*Data provided:*

• • • • • • •

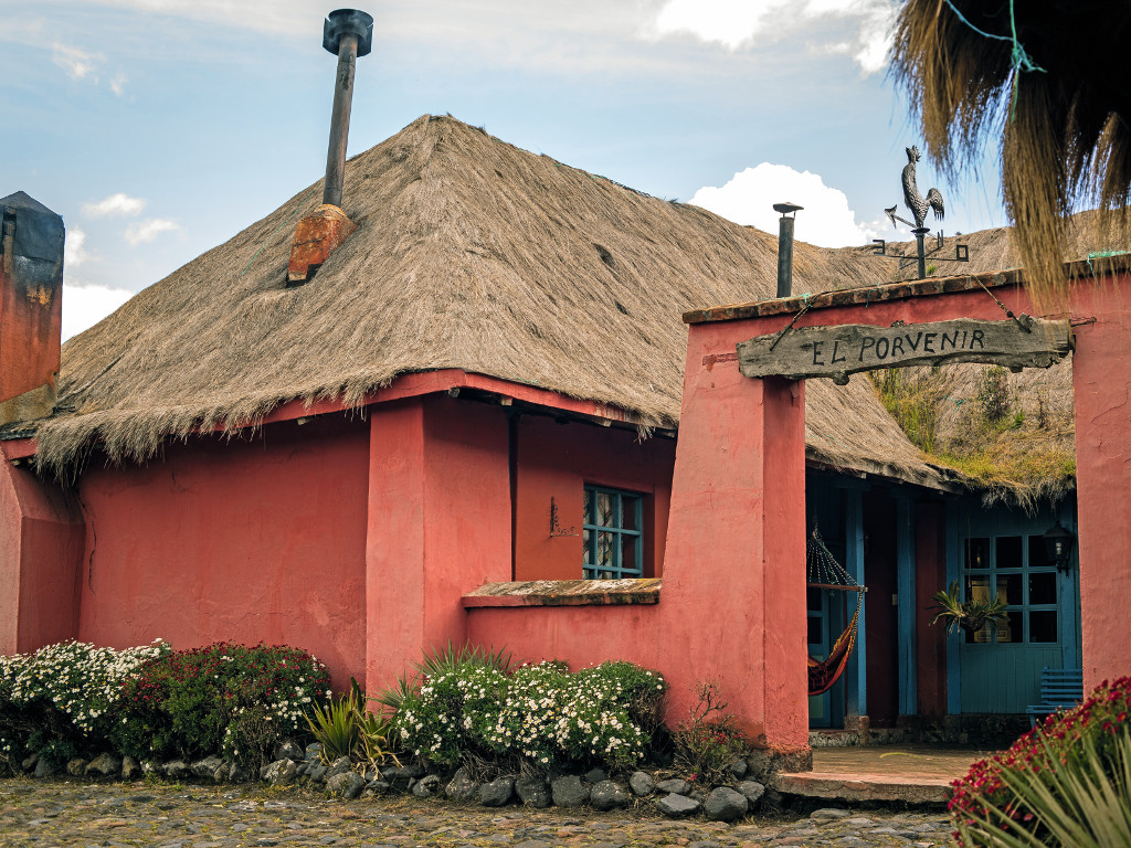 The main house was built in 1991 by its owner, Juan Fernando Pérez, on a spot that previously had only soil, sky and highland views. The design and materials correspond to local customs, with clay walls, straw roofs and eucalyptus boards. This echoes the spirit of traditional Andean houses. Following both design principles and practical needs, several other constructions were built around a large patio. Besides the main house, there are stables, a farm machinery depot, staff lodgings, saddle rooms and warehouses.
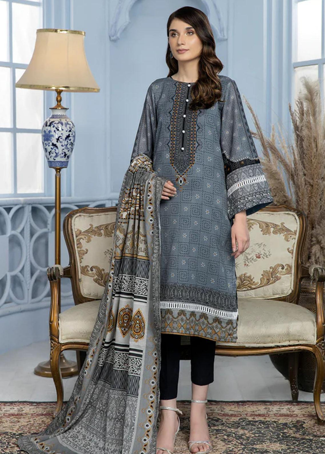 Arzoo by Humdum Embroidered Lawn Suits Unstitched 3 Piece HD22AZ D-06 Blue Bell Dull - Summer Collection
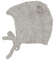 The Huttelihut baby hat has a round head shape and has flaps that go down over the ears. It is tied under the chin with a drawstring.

• • • • • • •

*What is being asked:* Transcribe everything above exactly. Do not include the pictures.

*Problem solution:*
 The main house was built in 1991 by its owner, Juan Fernando Pérez, on a spot that previously had only soil, sky and highland views. The design and materials correspond to local customs, with clay walls, straw roofs and eucalyptus boards. This echoes the spirit of traditional Andean houses. Following both design principles and practical needs, several other constructions were built around a large patio. Besides the main house, there are stables, a farm machinery depot, staff lodgings, saddle rooms and warehouses.
 Arzoo by Humdum Embroidered Lawn Suits Unstitched 3 Piece HD22AZ D-06 Blue Bell Dull - Summer Collection
 The Huttelihut baby hat has a round head shape and has flaps that go down over the ears. It is tied under the chin with a drawstring.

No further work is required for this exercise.